=== Data section ===

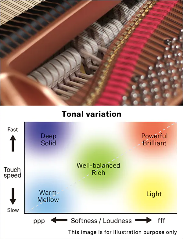 Звуки рояля Clavinova записані з декількох всесвітньо відомих концертних роялів. Один з них - CFX, найкращий концертний рояль Yamaha. Піаністи усього світу зачаровані вражаючим, співочим, багато виразним звуком CFX в концертних залах. Ще один концертний рояль - Imperial, флагманська модель Bösendorfer, освяченого століттями віденського фортепіанного бренду. Imperial відомий своїм достатком фарб і природною теплотою. Компанія Yamaha точно відтворює особливості цих концертних роялів, ретельно записуючи весь тональний діапазон кожної з 88 клавіш, вловлюючи найбільш гармонійні тембри, які може запропонувати кожна модель.
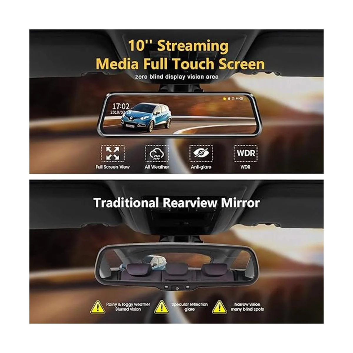 Cámara de espejo de 10 pulgadas, visión nocturna, 1080P FHD pantalla táctil completa frontal y trasera, cámara de respaldo para coches, grabación de bucle, medios de transmisión, asistencia de estacionamiento gran angular de 170 con cable de 32.8 ft
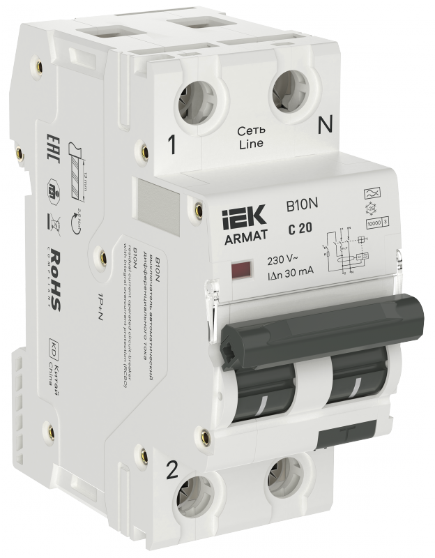 ARMAT АВДТ B10N 1P+NP C20 30мА тип A (36мм) IEK | код AR-B10N-1N-C020A030 | IEK

===

Task brief:
What is needed is an exact copy of every line from the one with "Cámara de espejo" to the end of the listing above, with the pictures left out.

Written solution:
 Cámara de espejo de 10 pulgadas, visión nocturna, 1080P FHD pantalla táctil completa frontal y trasera, cámara de respaldo para coches, grabación de bucle, medios de transmisión, asistencia de estacionamiento gran angular de 170 con cable de 32.8 ft
 ARMAT АВДТ B10N 1P+NP C20 30мА тип A (36мм) IEK | код AR-B10N-1N-C020A030 | IEK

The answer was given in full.